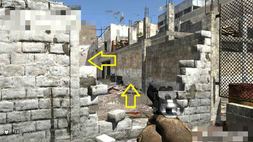 游戏开始后直行从左侧的通道进入围墙被炸开一个大洞的院子,院子里有大量霰弹枪敌人,注意在院子角落的屋顶上也会躲着一名敌人,优先解决躲藏的敌人,之后慢慢消灭剩余敌人
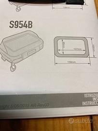Come nuovo, usato un paio di volte; dotato di supporto a manubrio che si adatta a tutti i diametri grazie ai suoi spessori in gomma; cinghietto di sicurezza che lega il portacellulare al manubrio; infine è compresa anche la sua cover anti-pioggia e il libretto di istruzioni e montaggio. Nella seconda foto sono riportate le dimensioni. Pagato 52 euro.
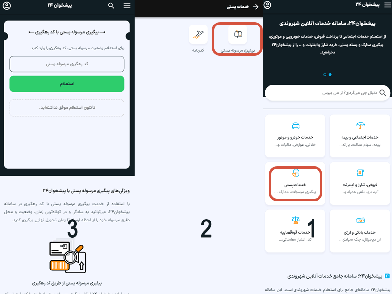 شما با مراجعه با سامانه پیشخوان ۲۴ میتوانید پیگیری مرسوله پستی در سه قدم انجام دهید؛ برای این کار کافیست بهصورت زیر عمل کنید:
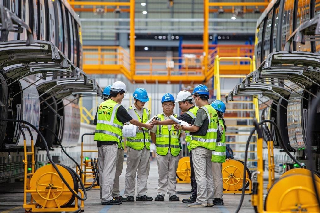 2023年9月22日,在泰國(guó)曼谷“黃線”列車(chē)維護(hù)中心,中車(chē)浦鎮(zhèn)阿爾斯通運(yùn)輸系統(tǒng)有限公司工作人員檢修列車(chē)。新華社記者王騰攝
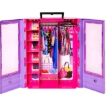 Con sei mini appendiabiti e vari scaffali, offre ampio spazio per tutti gli abiti e accessori di Barbie.
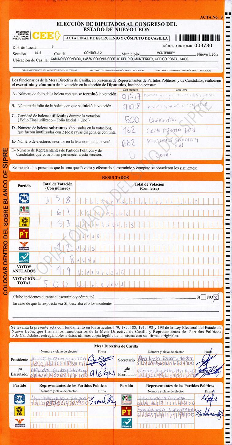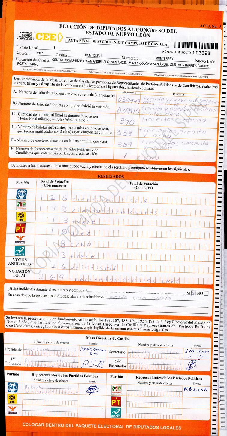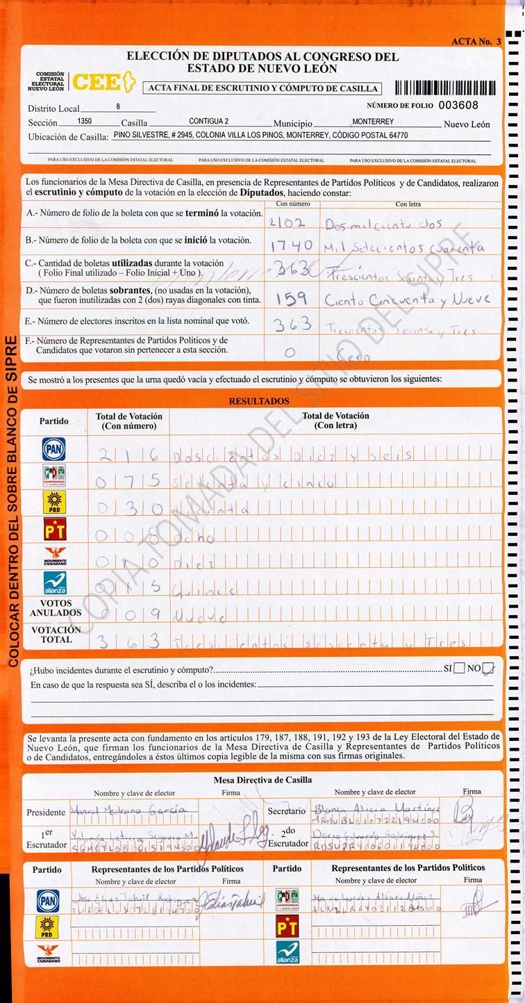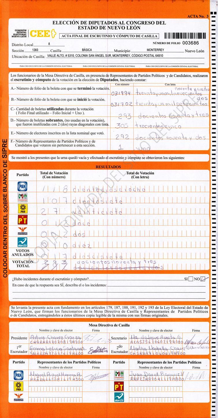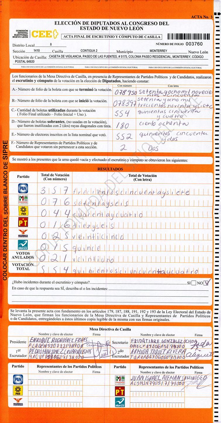 , (8) Copiado Movido , (9) Con Signos Inválidos , (10) Excede Lista Nominal , (11) Otra |
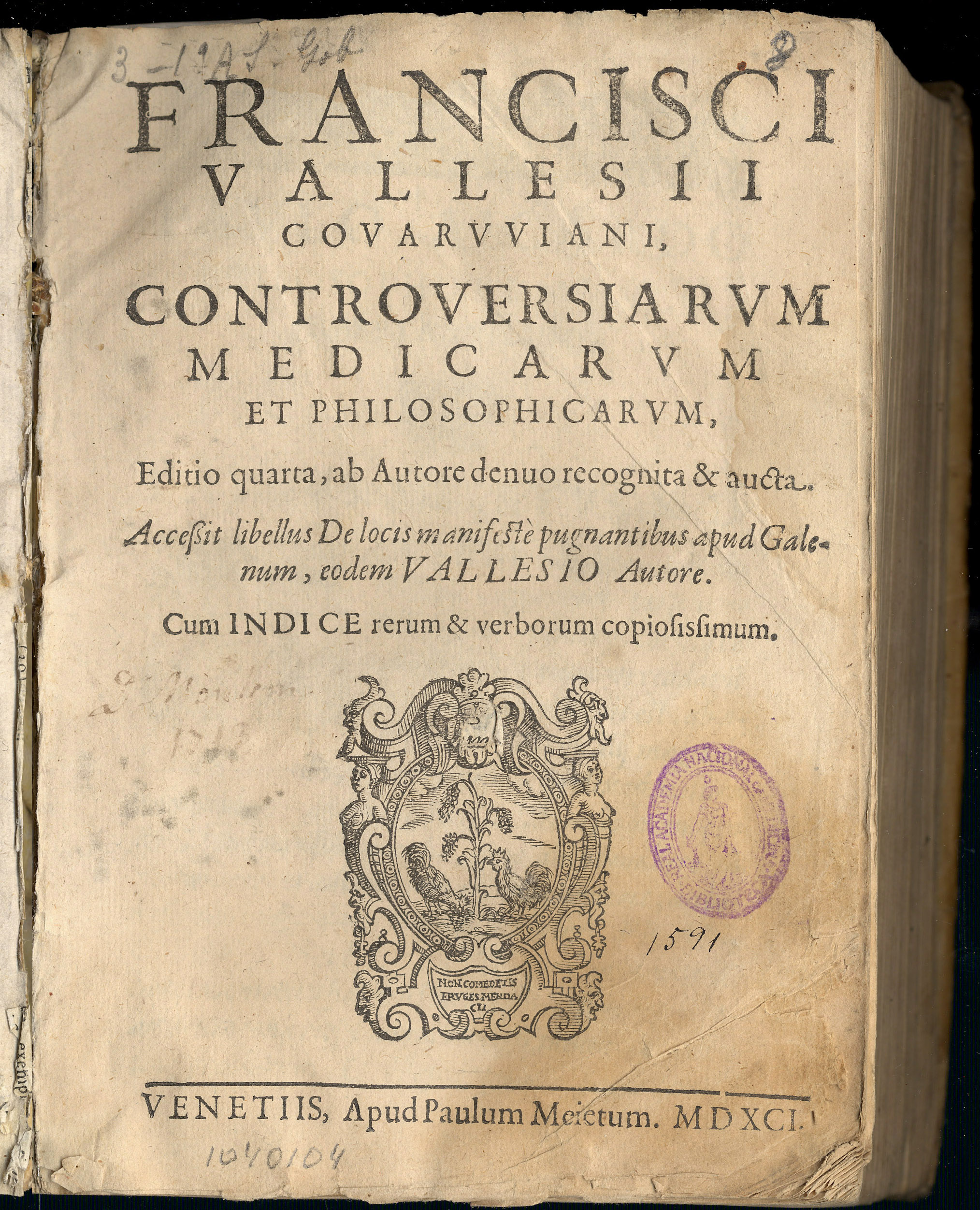 VALLES, Francisco (1524-1592). – Controversiarum medicarum et philosophicarum. – Venetiis : apud Paulum Meietum, 1591. — [15], 323 h. ; 4º [21 cm.]. — Perg.

_ _ _ _

_TO DO:_ Print, exactly and with no pictures, the lines of the listing above starting at the one that has "Come nuovo, usato" and ending at the one that has "Con sei mini", both included.

_ANSWER TO THE PROBLEM:_
Come nuovo, usato un paio di volte; dotato di supporto a manubrio che si adatta a tutti i diametri grazie ai suoi spessori in gomma; cinghietto di sicurezza che lega il portacellulare al manubrio; infine è compresa anche la sua cover anti-pioggia e il libretto di istruzioni e montaggio. Nella seconda foto sono riportate le dimensioni. Pagato 52 euro.
 شما با مراجعه با سامانه پیشخوان ۲۴ میتوانید پیگیری مرسوله پستی در سه قدم انجام دهید؛ برای این کار کافیست بهصورت زیر عمل کنید:
 2023年9月22日,在泰國(guó)曼谷“黃線”列車(chē)維護(hù)中心,中車(chē)浦鎮(zhèn)阿爾斯通運(yùn)輸系統(tǒng)有限公司工作人員檢修列車(chē)。新華社記者王騰攝
 Con sei mini appendiabiti e vari scaffali, offre ampio spazio per tutti gli abiti e accessori di Barbie.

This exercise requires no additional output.